2. Speaking of kids and books, Reading Rainbow is raising money “to establish a Reading Rainbow digital library and to allow 1,500+ classrooms to access this library free of charge”; the project has been subject to some criticisms.

3. Another pearl is added to Oyster as Simon & Schuster joins the ebook subscription service; meanwhile, Smashwords has partnered with Overdrive, and a curated list of its titles will soon be available in libraries.

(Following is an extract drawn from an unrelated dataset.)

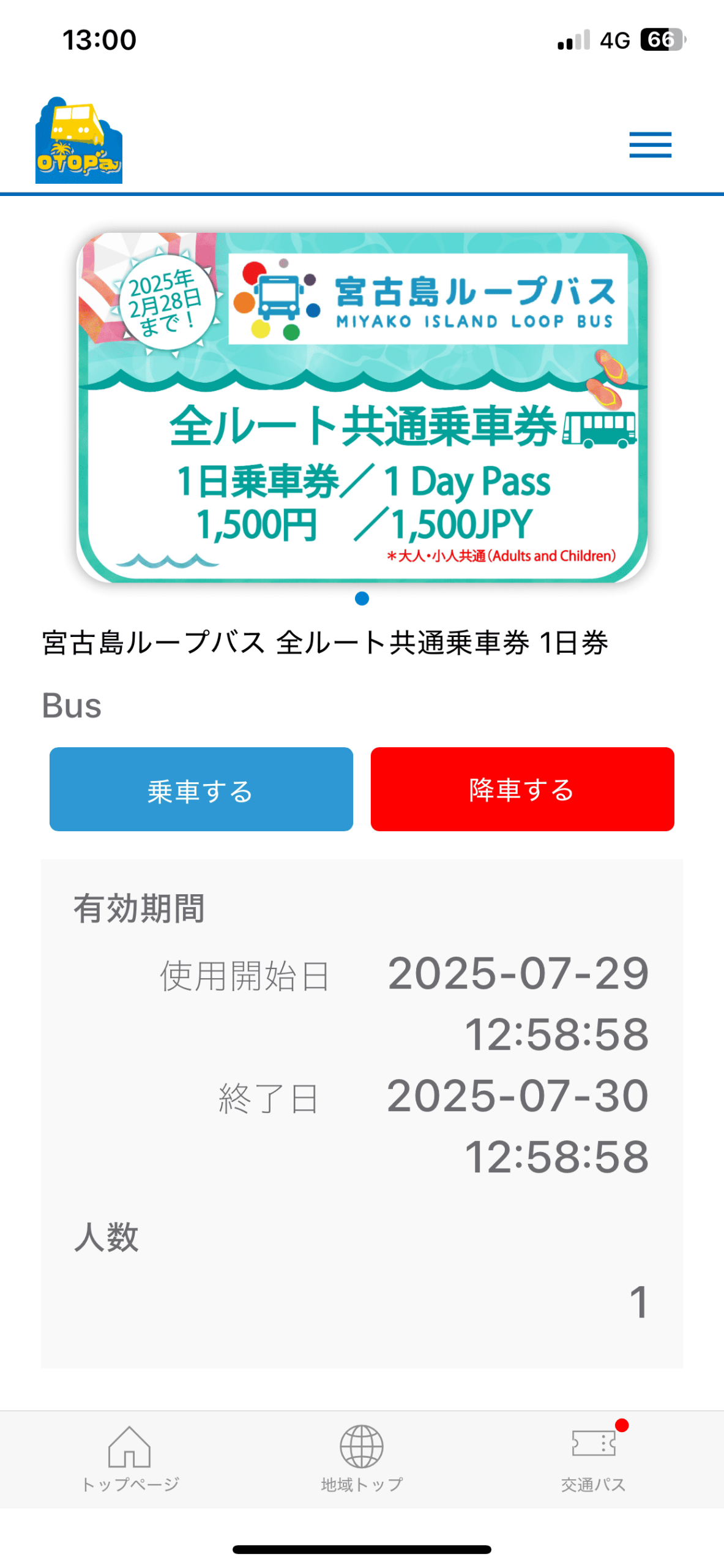 乗り方:今回はアプリ「OTOPa(オトパ)」を利用して乗ったので、

4. Self published books are becoming respectable: Publishers Weekly in integrating its reviews of self-published titles with “traditional book” reviews. It also launched Booklife a site devoted to self-published books, on May 29. They got the site rolling by self-publishing a guide to self-publishing called Publishing 101, by journalist Rachel Deahl. The book “offers a no-nonsense perspective on how publishing works, and what writers can do to make their own projects take off” – including the necessity to do their own marketing. Booklife is still in beta, so functionality can be limited/rocky.

5. The Kirkus Review has founded the Kirkus Prizes for “fiction, non-fiction, and young-reader’s litearture.” Book published between October 2013 and September 2014 that receive a Kirkus star are automatically entered; the prizes will be announced on October 23, 2014.

6. We still enjoy (and agree with) Laura Miller’s reasons for quitting Amazon.

7. Human Libraries help unite communities through story telling.

8. Target and ebook subscription service Librify have joined forces to sell ebooks through the retailer’s website – in hopes of being the host for your next book club. Says Librify CEO Joana Stone Herman: “We’re taking advantage of all the breadth and reach that Target has.” We’re interested to see how that works out.